● Task directions
When you reach the line below that has "Bingo! Tedhe Medhe", start returning lines exactly, and stop after the line that has "3. Remove the"; skip the pictures.

● Available data
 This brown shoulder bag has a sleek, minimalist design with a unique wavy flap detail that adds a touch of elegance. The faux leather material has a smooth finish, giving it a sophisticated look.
...
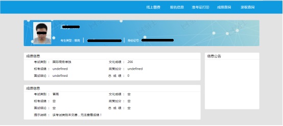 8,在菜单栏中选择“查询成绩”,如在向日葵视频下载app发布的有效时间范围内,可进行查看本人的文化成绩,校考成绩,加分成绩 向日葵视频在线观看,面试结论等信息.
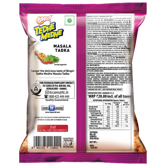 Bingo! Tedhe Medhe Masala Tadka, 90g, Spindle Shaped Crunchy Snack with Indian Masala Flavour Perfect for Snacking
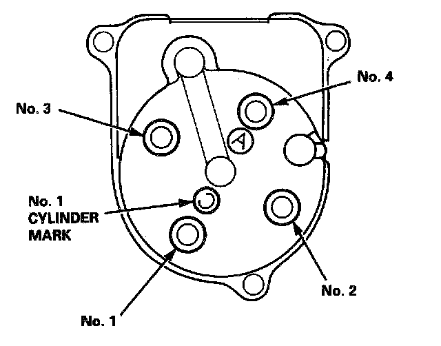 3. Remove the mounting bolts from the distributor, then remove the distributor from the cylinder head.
* * *
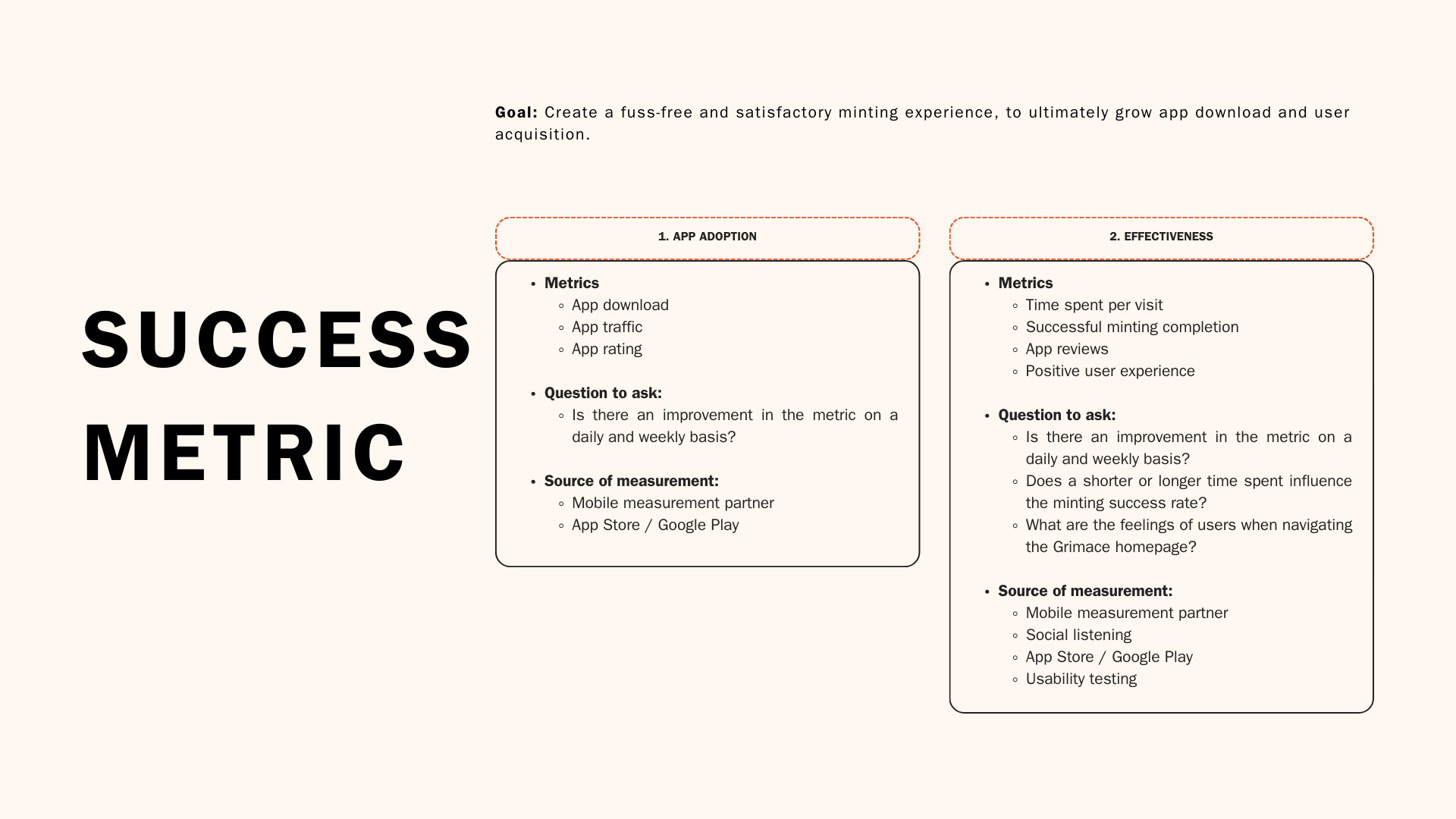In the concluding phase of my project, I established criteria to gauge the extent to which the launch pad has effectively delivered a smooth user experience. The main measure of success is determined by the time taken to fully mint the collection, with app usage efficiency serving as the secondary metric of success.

● Solved exercise
 Bingo! Tedhe Medhe Masala Tadka, 90g, Spindle Shaped Crunchy Snack with Indian Masala Flavour Perfect for Snacking
 3. Remove the mounting bolts from the distributor, then remove the distributor from the cylinder head.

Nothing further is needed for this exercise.